Uang sewa tersebut diberikan kepada Pemerintahan Desa Nagasari Kecamatan Serangbaru Kabupaten Bekasi yang lama (Kepala Desa), akan tetapi pelaku yang merupakan Kepala Desa yang baru tetap meminta uang sewa Tanah Kas Desa (TKD) pada masanya jabatannya, dan mengancam memberikan jangka waktu dan akan menutup Pasar Pasir Kupang apabila pengelolah pasar tidak mengikuti kemauan pelaku.

Karena pihak pengelolah pasar merasa ketakutan atas ancaman pelaku (Kepala Desa) bahwa akan menutup pasar, maka pengelolah pasar pasir kupang Desa Nagasari Kecamatan Serangbaru Kab. Bekasi memberikan uang sebesar Rp. 30.000.000,- (Tiga Puluh Juta Rupiah), sesuai dengan permintaan pelaku, agar supaya Pasar Pasir Kupang tetap beroperasi dan tidak ditutup oleh pelaku.

Atas perlakuan kepala desa yang dinilai meresahkan warga, kepala desa Nagasari kena Operasi Tangkap Tangan OTT Polrestro Bekasi, dan ditindak lanjuti dengan LP/340/K/XI/2018/Restro Bks Tanggal 26 November 2018.

Pegawai Negeri atau penyelenggaran Negara dengan maksud menguntungkan diri sendiri atau orang lain secara melawan hukum atau menyalahgunakan kekuasaannya memaksa orang lian memberikan sesuatu, membayar atau menerima pembayaran dengan potongan atau untuk mengerjakan sesuatu baginya sendiri.

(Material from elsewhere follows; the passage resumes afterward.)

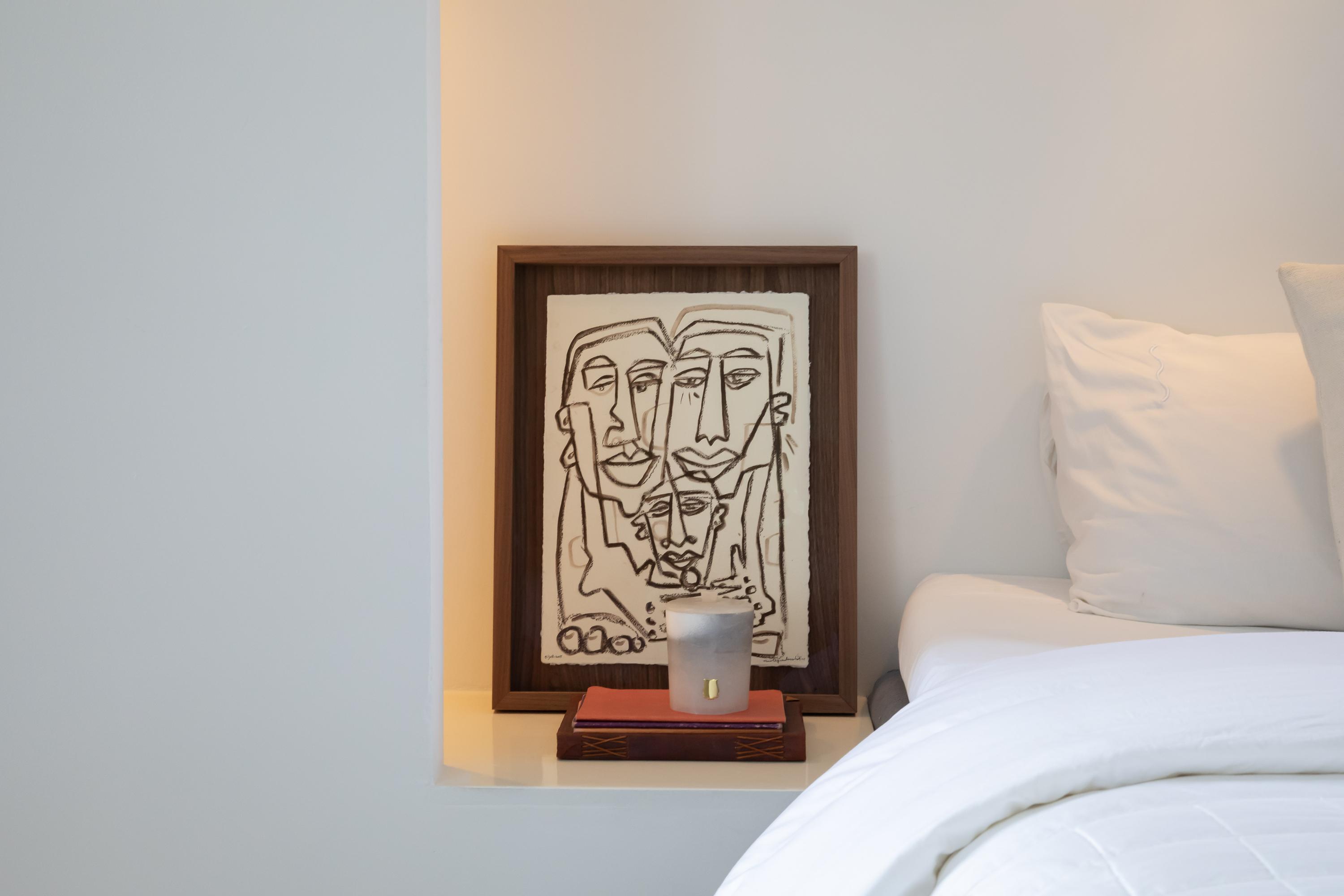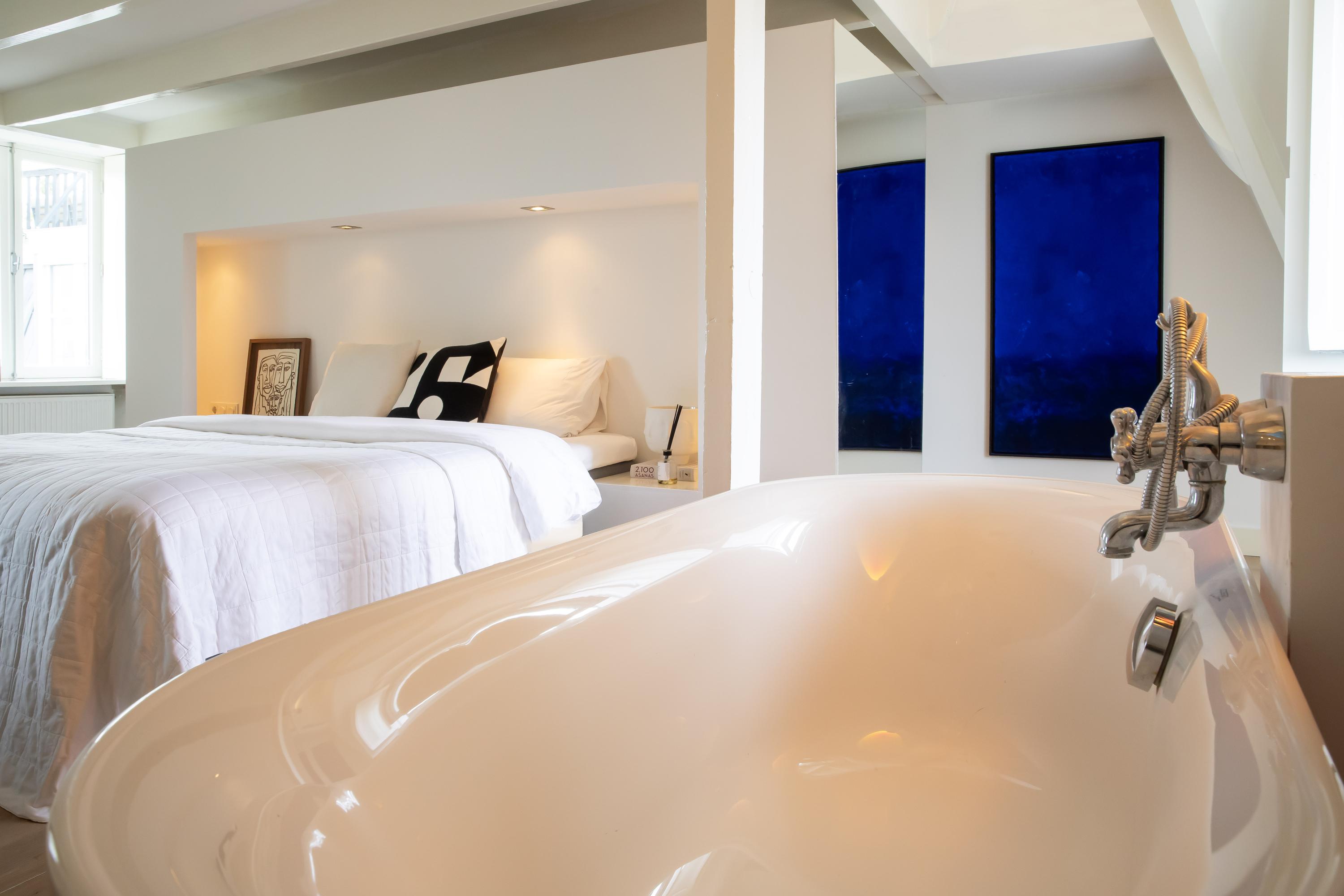 On the top floor you will find the spacious master bedroom, complete with a stylish built-in bed unit with integrated lighting, a freestanding bathtub, air-conditioning, and a characteristic beam construction. The en-suite bathroom features industrial details, a double sink with cabinet, walk-in shower, and toilet.
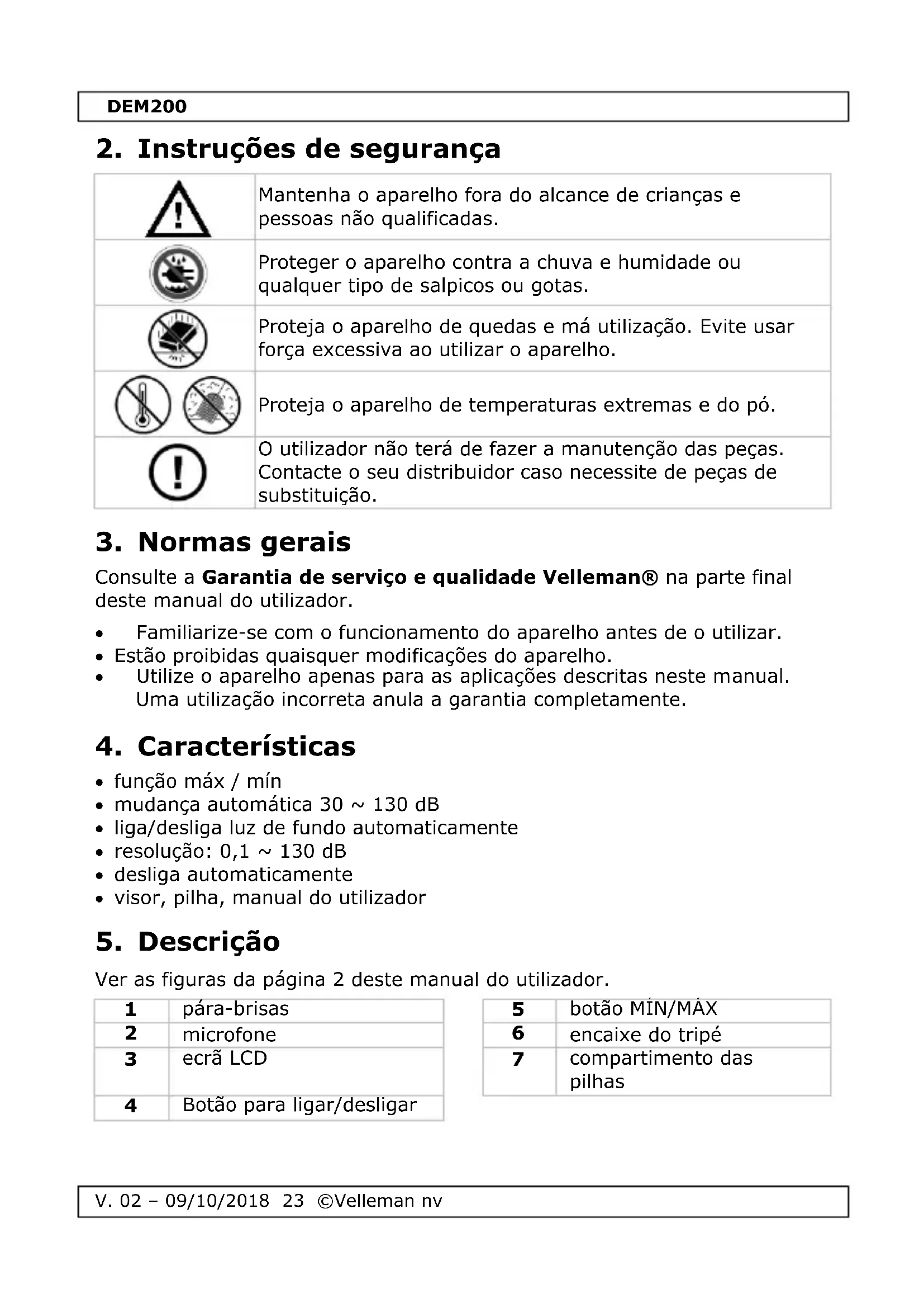 Encontre gratuitamente o manual do aparelho DEM200 VELLEMAN em formato PDF.

Pasal 12 huruf (E) Undang – undang Republik Indonesia No. 31 tahun 1999 tentang pemberantasan tindak pidana korupsi sebagaimana telah diubah dengan Undang – undang Republik indonesia No. 20 Tahun 2001 tentang tindak pidana pemberantasan korupsi.

Diancam dengan pidana penjara seumur hidup atau pidana penjara paling singkat 4 (Empat) tahun dan paling lama 20 (Dua Puluh) tahun penjara dan pidana denda banyak Rp. 1.000.000.000,- (Satu Milyar Rupiah).

Barang bukti yang diamankan Polrestro Bekasi, 1 (Satu) buah amplop warna coklat berisikan uang Rp. 15.000.000,- pecahan 100 ribuh sebanyak (Seratus Tujuh Belas Lembar) dan pecahan 50.000 ,- sebanyak (Enam Puluh Enam Lembar).

Beserta 1 (Satu) amplop warna coklat berisikan uang Rp. 15.000.000,- pecahan 100 ribuh sebanyak (Seratus Lembar) dan pecahan 50000,- sebanyak (Seratus Lembar).

Satu bundel dokumen Keputusan Bupati Bekasi Nomor : 141 / Kep.319-DPMD/2018 tentang pengesahan dan pngangkatan Kepala Desa terpilih hasil pemilihan Kepala Desa di Kabupaten Bekasi tanggal 28 September 2018.